> **What to work on**
Every line below between the line holding "Source Naturals ФИТО-ЭСТРОГЕННЫЙ" and the line holding "Indukcijska plošča Electrolux", inclusive, should be repeated exactly, and all other lines omitted.

> **Records to use**

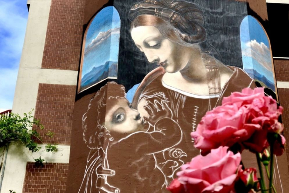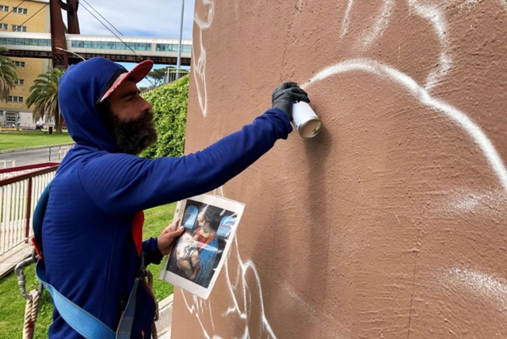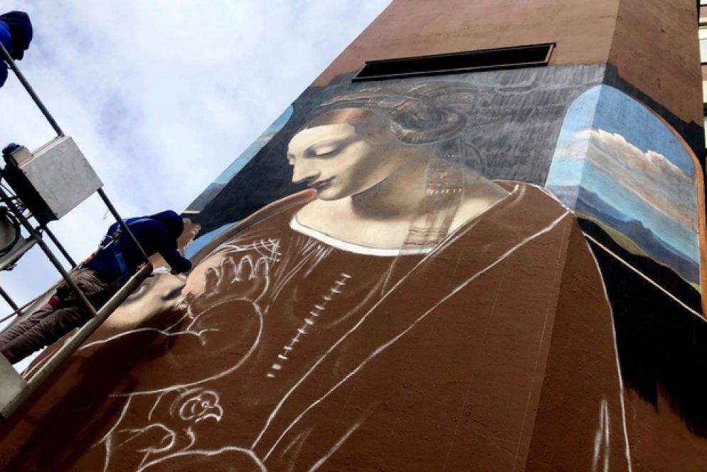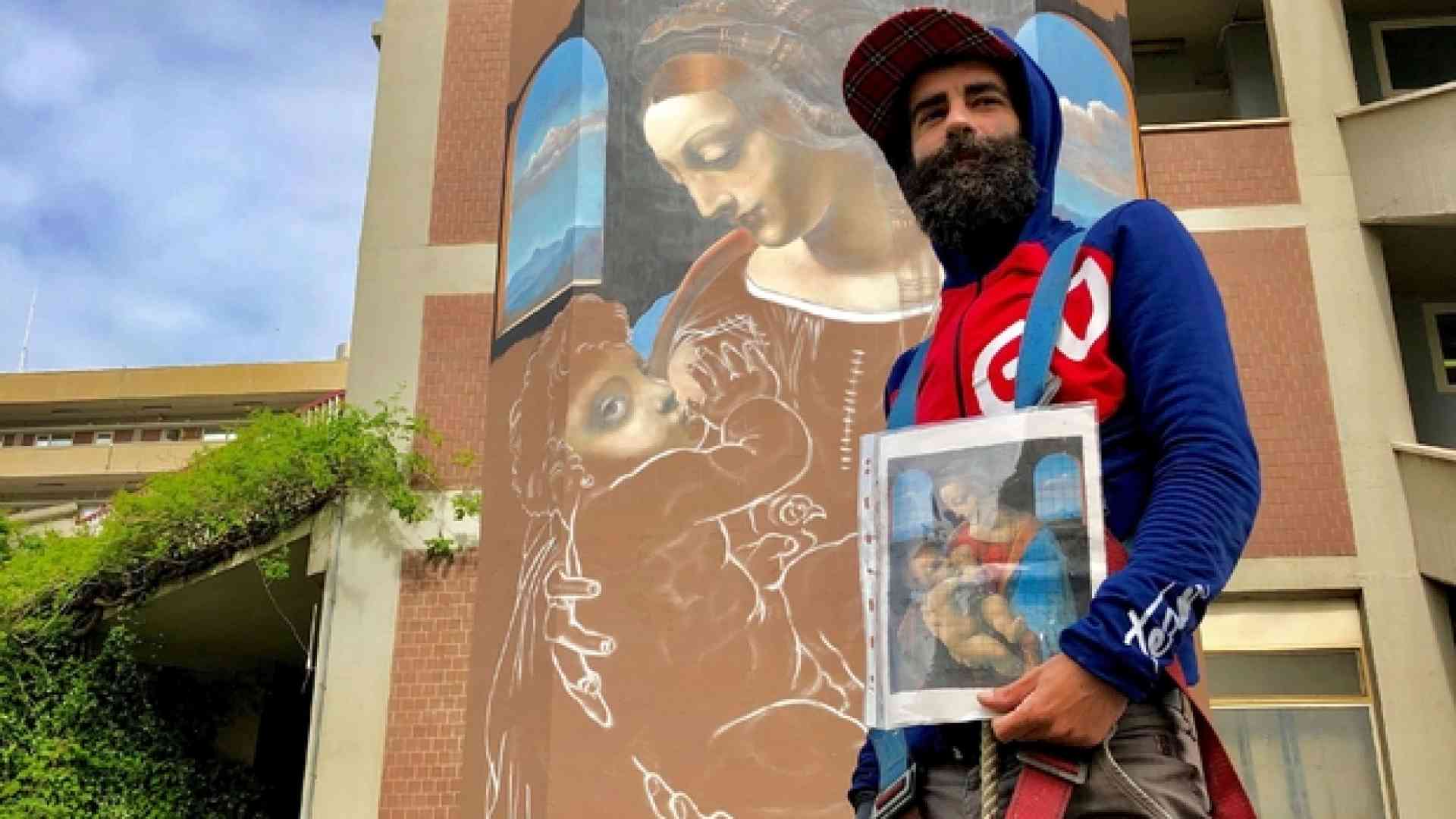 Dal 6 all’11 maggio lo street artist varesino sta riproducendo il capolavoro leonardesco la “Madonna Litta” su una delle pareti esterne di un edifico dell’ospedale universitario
---
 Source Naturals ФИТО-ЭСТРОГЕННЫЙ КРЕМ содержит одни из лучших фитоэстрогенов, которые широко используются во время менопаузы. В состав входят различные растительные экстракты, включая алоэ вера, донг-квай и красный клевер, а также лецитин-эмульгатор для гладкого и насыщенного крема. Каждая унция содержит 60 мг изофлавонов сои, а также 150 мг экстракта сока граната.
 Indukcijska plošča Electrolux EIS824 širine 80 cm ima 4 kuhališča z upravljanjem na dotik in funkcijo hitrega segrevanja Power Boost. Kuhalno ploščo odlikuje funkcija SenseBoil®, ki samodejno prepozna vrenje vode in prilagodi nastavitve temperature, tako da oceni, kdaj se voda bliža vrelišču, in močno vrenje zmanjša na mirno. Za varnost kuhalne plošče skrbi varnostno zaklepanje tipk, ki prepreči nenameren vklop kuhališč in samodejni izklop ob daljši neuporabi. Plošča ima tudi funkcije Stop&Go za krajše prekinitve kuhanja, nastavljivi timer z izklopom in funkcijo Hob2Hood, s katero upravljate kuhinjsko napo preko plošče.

> **Solution for this task**
 Source Naturals ФИТО-ЭСТРОГЕННЫЙ КРЕМ содержит одни из лучших фитоэстрогенов, которые широко используются во время менопаузы. В состав входят различные растительные экстракты, включая алоэ вера, донг-квай и красный клевер, а также лецитин-эмульгатор для гладкого и насыщенного крема. Каждая унция содержит 60 мг изофлавонов сои, а также 150 мг экстракта сока граната.
 Indukcijska plošča Electrolux EIS824 širine 80 cm ima 4 kuhališča z upravljanjem na dotik in funkcijo hitrega segrevanja Power Boost. Kuhalno ploščo odlikuje funkcija SenseBoil®, ki samodejno prepozna vrenje vode in prilagodi nastavitve temperature, tako da oceni, kdaj se voda bliža vrelišču, in močno vrenje zmanjša na mirno. Za varnost kuhalne plošče skrbi varnostno zaklepanje tipk, ki prepreči nenameren vklop kuhališč in samodejni izklop ob daljši neuporabi. Plošča ima tudi funkcije Stop&Go za krajše prekinitve kuhanja, nastavljivi timer z izklopom in funkcijo Hob2Hood, s katero upravljate kuhinjsko napo preko plošče.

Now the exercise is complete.